Linear voltage regulator + reverse polarity protection

[Lucky-Luka]

Hi all
I have to power a PIC18F (5V) from 12V power supply.
Do you think it's ok the attached circuit?
Is a fuse needed? If needed, which type of fuse should I use and in which position of the circuit ?
Thanks

[Zero999]

Just use an ordinary diode. A MOSFET won't gain you anything because the LM7805 just burns the excess off as heat and you've already got 4V of headroom, as it is. A diode would also mean the LM7805 runs a little cooler. In fact, I'd go for the LM78L05, because you probably don't need the 1A the LM7805 can supply and the lower current limit of the LM78L05 would better protect your circuit,

[Ian.M]

If you need a bit more current. there's also the LM78M05 500mA regulator, though note that at 5V drop, its going to be dissipation limited if you don't heatsink it.   Also if you are using a simple series diode at the input, and nothing after it can rapidly pull the regulator input to ground, you *DON'T* need an anti-parallel diode across the regulator unless you intend to back-feed it from a different power source, and if you are doing that it can be a lot smaller as it only has to occasionally withstand the surge to charge the 100uF input capacitor.

[BitsnBytes]

The circuit is right. Though I agree with @Zero999 an ordinary diode would serve the purpose, just select the diode with reverse bias voltage higher than 12V.

But mear in mind that 7805 is a linear regulator and have high heat dissipation thus lower efficiency. You must explore the option of DC-DC converters

Check this module out.

LM2596 DC-DC converter

[Ian.M]

It not worth the bother to use a switching regulator if you don't need energy efficiency, and no heatsinking is required.  i.e. When the linear regulator's max dissipation will be significantly under 1W in a 'shirtsleeve' environment.

Cheap 'LM2596' modules are usually fake - if your application can withstand the excessive 52KHz ripple on the resulting 5V rail, and the risk of the chip shorting input to output if you overload it, (and its not going to be good for as much as 1/3 of its fake 3A rating, so I wouldn't push it past 500mA for longer than a few seconds), then fine, go for it.   Otherwise buy the genuine LM2596 (or competing chip with full data and decent design guide), from a major 1st world distributor, and design your own with a good quality inductor with a saturation current higher than the switcher's peak current limit, good quality low ESR 105 deg C capacitors, and a beefy enough catch diode to handle full output current without cooking itself.   

[eblc1388]

The circuit is right. Though I agree with @Zero999 an ordinary diode would serve the purpose, just select the diode with reverse bias voltage higher than 12V.

The PMOS is there to offer reverse polarity protection. Using a PMOS would virtually eliminate the 0.6V diode drop across it when the polarity is correct.

[Lucky-Luka]

If you need a bit more current. there's also the LM78M05 500mA regulator, though note that at 5V drop, its going to be dissipation limited if you don't heatsink it. 
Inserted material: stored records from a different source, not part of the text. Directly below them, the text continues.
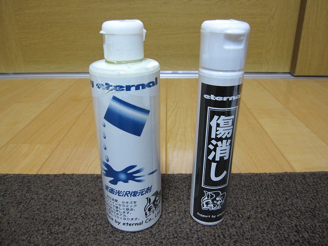 ノーブラシ洗車の後は、ネットで購入したケミカルの施工に掛かります。購入したのはコチラ↓、「マイエターナル塗面光沢復元剤&傷消し...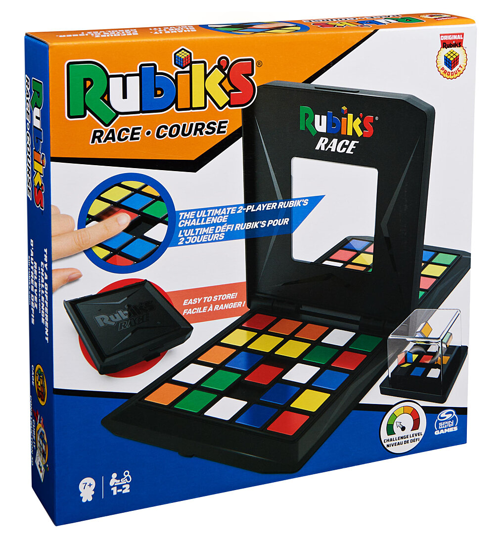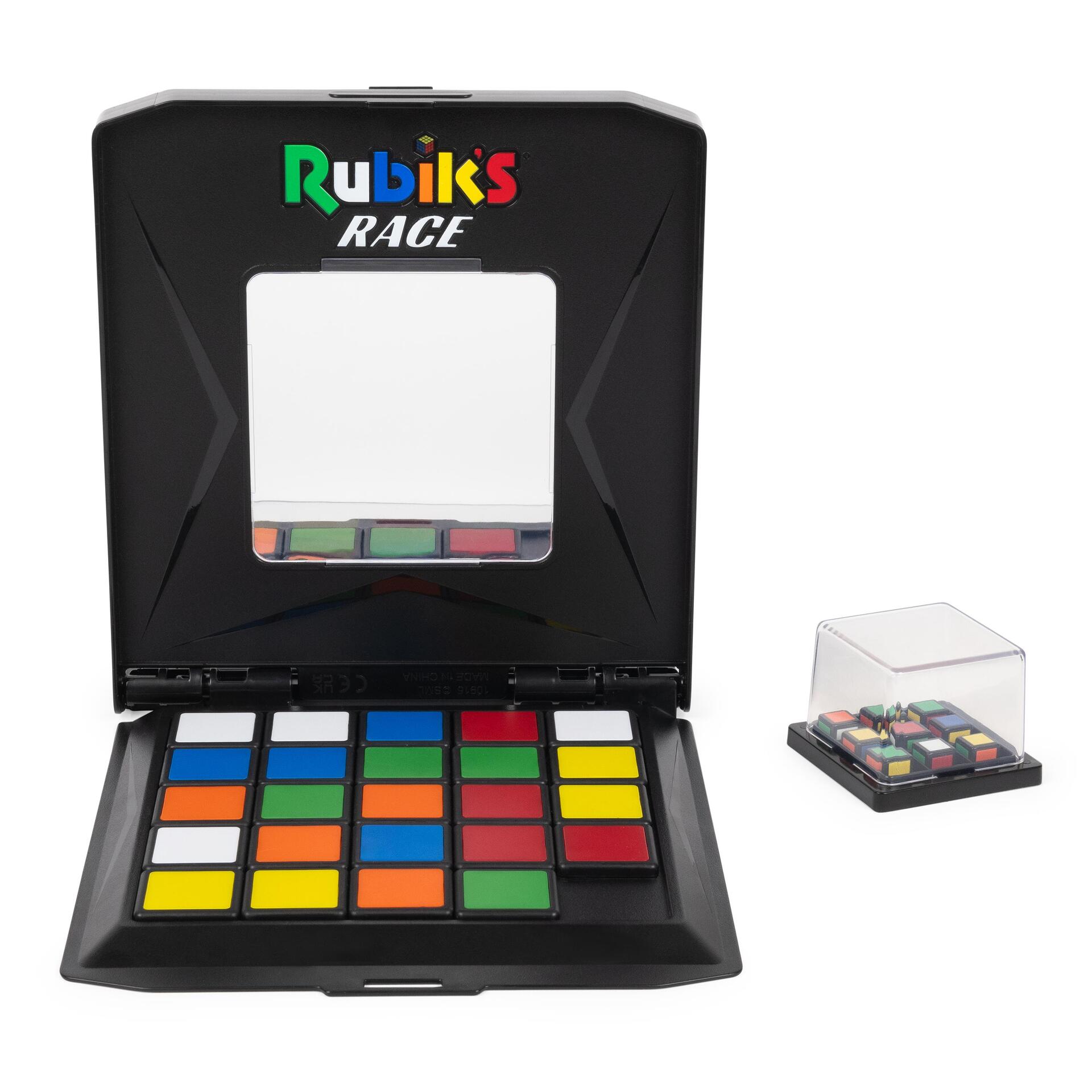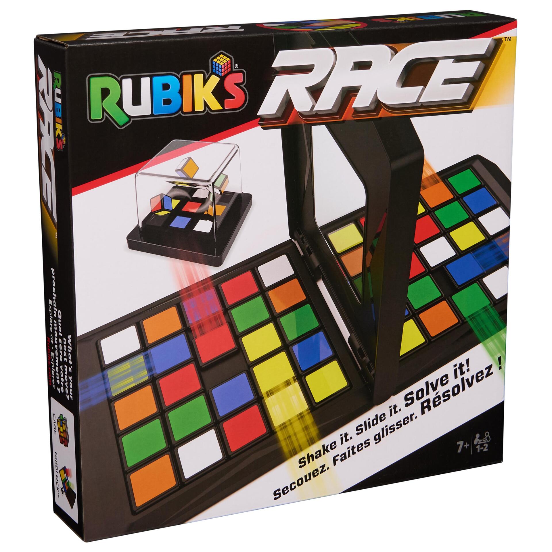 Le principe du jeu Rubik's Race est simple : fais glisser les carrés de couleur afin de recréer, au centre du plateau, le bon motif composé de 3X3 cases et rabats le clapet avant ton adversaire ! Dans ce jeu de réflexion, inspiré du taquin, ton cerveau doit répondre au doigt et à l’œil. Fais glisser les carrés de couleur pour recréer le bon motif composé de 3X3 carrés. Sois le plus rapide ! Contenu du produit : 1 plateau Rubik’s Race, 48 dalles colorées, 1 shaker transparent et les règles du jeu. 2 joueurs. Boîte fermée. A partir de 7 ans.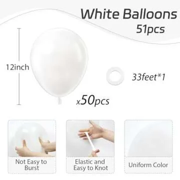 Awenztech White Balloons 12 inch, White Latex Balloons 50pcs Party Balloons for Engagement Bachelorette Bridal Shower Wedding Party Birthday Decorations
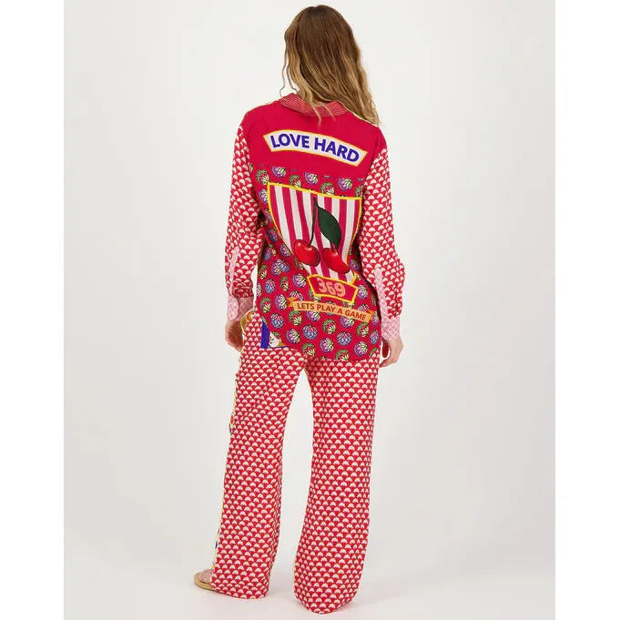 100% Viscose long sleeve shirt in Me369's Lucky Me pattern. Collar, cuffs, sleeves and body of shirt, both front and back, are all represented by different Lucky Me patterns. Shirt reads “LOVE HARD,” “369” and “LET’S PLAY A GAME” across back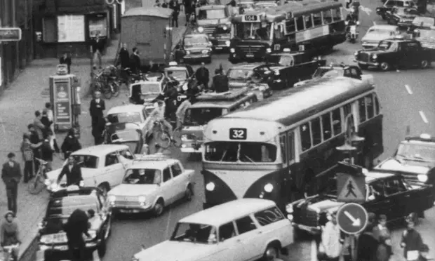 On September 4, 1967 Sweden switched from driving on the left-hand side of the road to driving on the right. "Cheering crowds brought traffic to a halt here today as Sweden changed to driving on the right after four years of preparations, 40 years of argument, and at a total cost estimated at double the official figure of £40m," The Guardian reported. "Though the centre of the city had been barred for nearly 24 hours to all but taxis, buses, and cars with special permits, a solid jam developed as sightseers, cyclists, and television cameramen swamped the roadway. The police watched dourly as long lines of traffic – headlamps glaring, horns blowing –tried vainly to switch sides in the approved manner, getting hopelessly entangled in the process."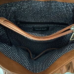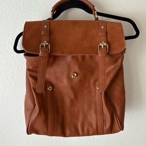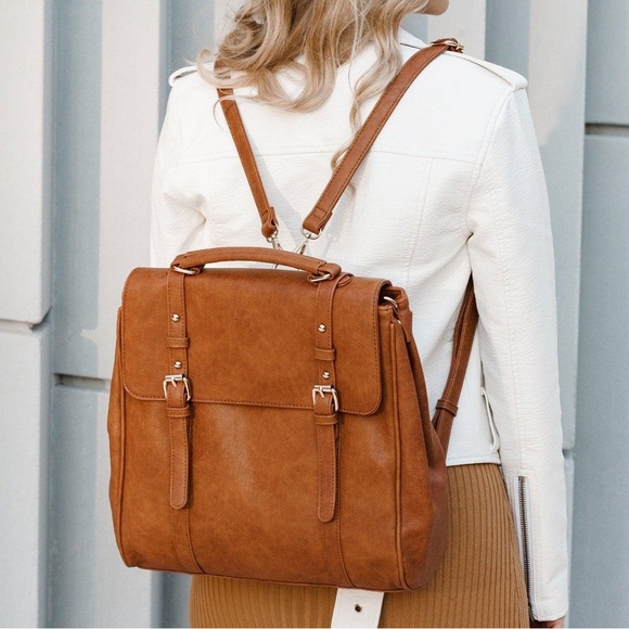 Chic tan leather backpack with stylish interior design. Straps can be worn cross body with on stra or like a backpack with two straps. Straps are very adjustable and make it such a versatile bag. Partially made of genuine leather with some parts faux leather. Very durable and in great condition!

Is it the same using the original 7805?
 

Also if you are using a simple series diode at the input, and nothing after it can rapidly pull the regulator input to ground

Why? And what should I do to avoid this problem?

you *DON'T* need an anti-parallel diode across the regulator unless you intend to back-feed it from a different power source, and if you are doing that it can be a lot smaller as it only has to occasionally withstand the surge to charge the 100uF input capacitor.

What does "back-feed it from a different power source" mean?
btw I have read that it's a good idea to use it to avoid damaging the 7805 and I've chosen a schottky diode because it's faster than a normal diode like 1n4001.

[Ian.M]

The LM78M05 is just like a 7805 but with half the current limit.

If you allow the voltage across the regulator (from in to out) to reverse by more than one diode drop, some types of regulator can be damaged.   This can happen if other loads on the unregulated supply at the input pull that down to ground faster than the reservoir caps on the output discharge.  It can also happen if you sometimes feed the output from a different source, e.g USB Vbus.

[Zero999]

The circuit is right. Though I agree with @Zero999 an ordinary diode would serve the purpose, just select the diode with reverse bias voltage higher than 12V.

The PMOS is there to offer reverse polarity protection. Using a PMOS would virtually eliminate the 0.6V diode drop across it when the polarity is correct.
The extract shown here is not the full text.